Hell and High Water is the title of ER episode 33 that aired on November 9th, 1995 as part of season 2. This episode has found its way to my favorite ER episode ever as it has for many fans. All regularly recurring characters from season 2 appear in the episode with the exception of Sherry Stringfield (Dr. Susan Lewis).
Synopsis of Main Plot Thread
Dr. Doug Ross finds a child trapped in a drainage pipe in the midst of a terrible Chicago storm. Dr. Ross attempts to save the child amidst the rain and rapidly filling pipe.
Spoiler Alert for those who actually haven’t seen this episode and don’t want it ruined.
Summary of Ross’ Rescue (or: Why I Still Love This Episode After All These Years)
The episode attaches itself to the viewer right off the bat when Ross is sitting in his car with a flat tire and feels the weight of his world on his shoulders. He considers smoking a marijuana joint and almost even lights it when the weight of another’s life crashes into his: a young boy appears banging at his car window screaming for help. The boy’s brother is trapped in a drainpipe, his leg stuck in the grate, where they were playing when the storm started. The drama of saving the boy from the simultaneous dangers of drowning and hypothermia accent the first half or so of the episode. The rescue sequence then crescendos when Doug frees the boy who then passes out. A rescue chopper arrives but will only take them to Mercy, which Doug finds unacceptable and instead he takes a news chopper to County. The episode ends with an incredible save, a stitched up Dr. Ross, and a new view on life for many.
Summary of Secondary Plot Thread (or: By The Way, This Happens Too)
A little girl is brought in from a pedestrian versus motor vehicle and treated by Dr. Peter Benton. She dies.

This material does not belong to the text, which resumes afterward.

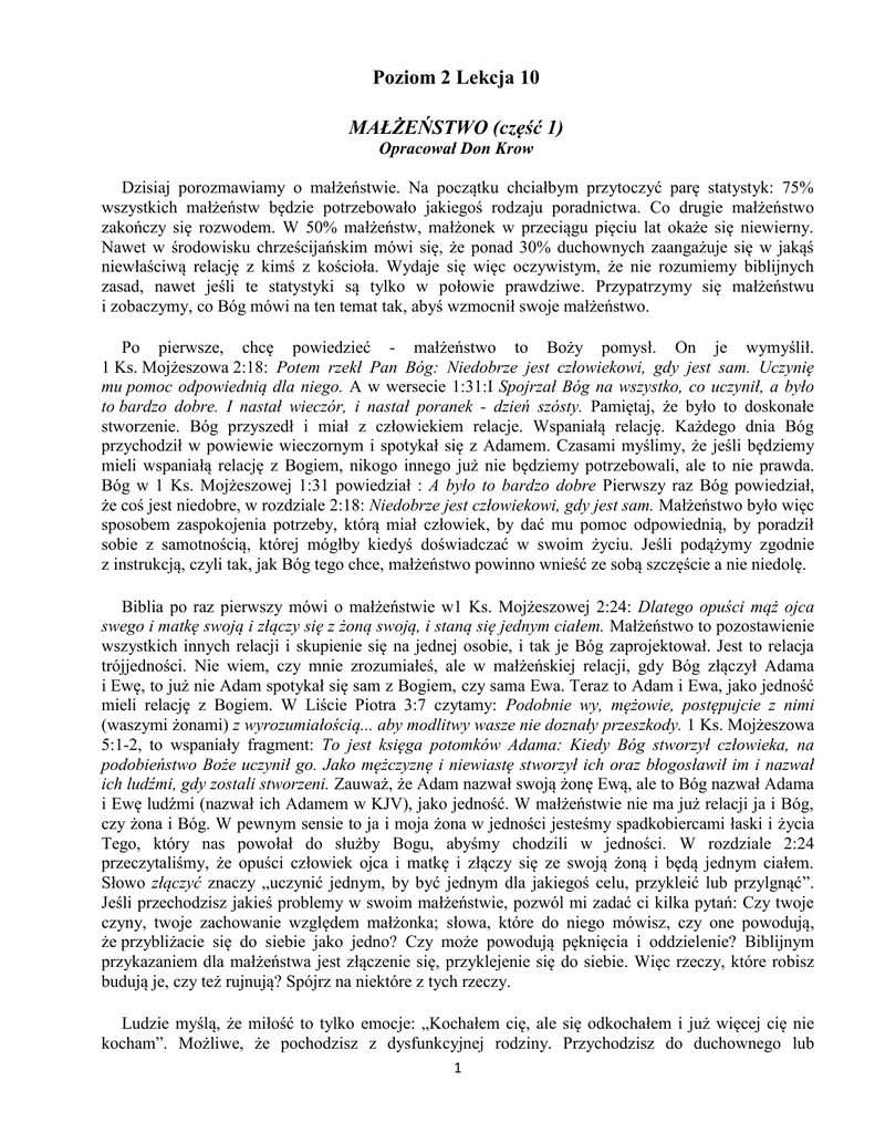 Poziom 2 Lekcja 10 MAŁŻEŃSTWO (część 1) Opracował Don Krow Dzisiaj porozmawiamy o małżeństwie. Na początku chciałbym przytoczyć parę statystyk: 75% wszystkich małżeństw będzie potrzebowało jakiegoś rodzaju poradnictwa. Co drugie małżeństwo zakończy się rozwodem. W 50% małżeństw, małżonek w przeciągu pięciu lat okaże się niewierny. Nawet w środowisku chrześcijańskim mówi się, że ponad 30% duchownych zaangażuje się w jakąś niewłaściwą relację z kimś z kościoła. Wydaje się więc oczywistym, że nie rozumiemy biblijnych zasad, nawet jeśli te statystyki są tylko w połowie prawdziwe. Przypatrzymy się małżeństwu i zobaczymy, co Bóg mówi na ten temat tak, abyś wzmocnił swoje małżeństwo. Po pierwsze, chcę powiedzieć - małżeństwo to Boży pomysł. On je wymyślił. 1 Ks. Mojżeszowa 2:18: Potem rzekł Pan Bóg: Niedobrze jest człowiekowi, gdy jest sam. Uczynię mu pomoc odpowiednią dla niego. A w wersecie 1:31:I Spojrzał Bóg na wszystko, co uczynił, a było to bardzo dobre. I nastał wieczór, i nastał poranek - dzień szósty. Pamiętaj, że było to doskonałe stworzenie. Bóg przyszedł i miał z człowiekiem relacje. Wspaniałą relację. Każdego dnia Bóg przychodził w powiewie wieczornym i spotykał się z Adamem. Czasami myślimy, że jeśli będziemy mieli wspaniałą relację z Bogiem, nikogo innego już nie będziemy potrzebowali, ale to nie prawda. Bóg w 1 Ks. Mojżeszowej 1:31 powiedział : A było to bardzo dobre Pierwszy raz Bóg powiedział, że coś jest niedobre, w rozdziale 2:18: Niedobrze jest człowiekowi, gdy jest sam. Małżeństwo było więc sposobem zaspokojenia potrzeby, którą miał człowiek, by dać mu pomoc odpowiednią, by poradził sobie z samotnością, której mógłby kiedyś doświadczać w swoim życiu. Jeśli podążymy zgodnie z instrukcją, czyli tak, jak Bóg tego chce, małżeństwo powinno wnieść ze sobą szczęście a nie niedolę. Biblia po raz pierwszy mówi o małżeństwie w1 Ks. Mojżeszowej 2:24: Dlatego opuści mąż ojca swego i matkę swoją i złączy się z żoną swoją, i staną się jednym ciałem. Małżeństwo to pozostawienie wszystkich innych relacji i skupienie się na jednej osobie, i tak je Bóg zaprojektował. Jest to relacja trójjedności. Nie wiem, czy mnie zrozumiałeś, ale w małżeńskiej relacji, gdy Bóg złączył Adama i Ewę, to już nie Adam spotykał się sam z Bogiem, czy sama Ewa. Teraz to Adam i Ewa, jako jedność mieli relację z Bogiem. W Liście Piotra 3:7 czytamy: Podobnie wy, mężowie, postępujcie z nimi (waszymi żonami) z wyrozumiałością... aby modlitwy wasze nie doznały przeszkody. 1 Ks. Mojżeszowa 5:1-2, to wspaniały fragment: To jest księga potomków Adama: Kiedy Bóg stworzył człowieka, na podobieństwo Boże uczynił go. Jako mężczyznę i niewiastę stworzył ich oraz błogosławił im i nazwał ich ludźmi, gdy zostali stworzeni. Zauważ, że Adam nazwał swoją żonę Ewą, ale to Bóg nazwał Adama i Ewę ludźmi (nazwał ich Adamem w KJV), jako jedność. W małżeństwie nie ma już relacji ja i Bóg, czy żona i Bóg. W pewnym sensie to ja i moja żona w jedności jesteśmy spadkobiercami łaski i życia Tego, który nas powołał do służby Bogu, abyśmy chodzili w jedności. W rozdziale 2:24 przeczytaliśmy, że opuści człowiek ojca i matkę i złączy się ze swoją żoną i będą jednym ciałem. Słowo złączyć znaczy „uczynić jednym, by być jednym dla jakiegoś celu, przykleić lub przylgnąć”. Jeśli przechodzisz jakieś problemy w swoim małżeństwie, pozwól mi zadać ci kilka pytań: Czy twoje czyny, twoje zachowanie względem małżonka; słowa, które do niego mówisz, czy one powodują, że przybliżacie się do siebie jako jedno? Czy może powodują pęknięcia i oddzielenie? Biblijnym przykazaniem dla małżeństwa jest złączenie się, przyklejenie się do siebie. Więc rzeczy, które robisz budują je, czy też rujnują? Spójrz na niektóre z tych rzeczy. Ludzie myślą, że miłość to tylko emocje: „Kochałem cię, ale się odkochałem i już więcej cię nie kocham”. Możliwe, że pochodzisz z dysfunkcyjnej rodziny. Przychodzisz do duchownego lub 1 do urzędnika, by się pobrać; ślubujesz dać swoje życie tej drugiej osobie; naprawdę chcesz, żeby to zadziałało, aż do grobowej deski. Ale z powodu swojej dysfunkcyjnej rodziny nigdy nie widziałeś miłości, nigdy jej tam nie wyrażano i nigdy twoi rodzice nie okazywali jej sobie nawzajem. Twój małżonek może pochodzić z rodziny, w której okazywano wiele uczucia, ale ty nie wiesz jak to zrobić. Pomimo tego, że chcesz kochać osobę, której się oddajesz, z powodu swojej dysfunkcji nie wiedząc jak wyrazić miłość, prawdopodobnie zawalisz. Istnieją szanse, że w przeciągu kilku lat pójdziesz do doradcy małżeńskiego mówiąc: „Nie pasujemy do siebie. Nie kocham jej już więcej”. Mam dla ciebie dobrą wiadomość - Jeśli masz jakieś problemy w małżeństwie, jest coś, co może je naprawić. Kupując nową lodówkę i mając z nią problemy, na pewno zaglądasz do instrukcji obsługi. Instrukcja powie ci, co jest nie tak, albo zadzwonisz po serwis. Jest taka instrukcja, która naprawia małżeństwa. Nazywa się ona Boże Słowo, a Biblia mówi nam w Liście do Tytusa 2:4, że miłość jest czymś, czego można się nauczyć i można o niej uczyć. Jeśli pochodzisz z dysfunkcyjnej rodziny i nie wiesz jak kochać swojego współmałżonka, a twoje małżeństwo się wali, jest dobra wiadomość. 1 List Jana 5:3: Na tym bowiem polega miłość ku Bogu, że się przestrzega przykazań jego, a przykazania jego nie są uciążliwe. Poprzez przykazania Jezusa Chrystusa, który nam pokazał jak kochać, jak wyrażać uprzejmość i hojność, jak szukać dobra współmałżonka, Bóg może odmienić całą sytuację. To tylko wstęp do tematu małżeństwa. Kolejną lekcję także poświęci

Wasn’t that interesting.
Summary of Background Plots (or: I Guess There Was More…)
An old woman gets caught smoking marijuana in her room, blames glaucoma, and did not have it. There’s a new computer in the reception area, which Jerry doesn’t care for, and Benton gets screwed with additional work.
Medical Review (or: There’s Some Truth To That Tube)
Doug needed to open the boy’s airway after rescue and could not do so through the mouth so he gave the boy a cricothyroidotomy through his throat. While in transport, Doug performed CPR and gave the boy Lidocaine via IV.
Final Thoughts (or: Thoughts of the Final Sort)
I love this episode. Doug Ross’ determination regardless of administration is highlighted when he comes face to face with two of his greatest passions for work: medicine and children. This episode really has the classic hero feel to it and though it is predictable and over dramatized that’s why I love it.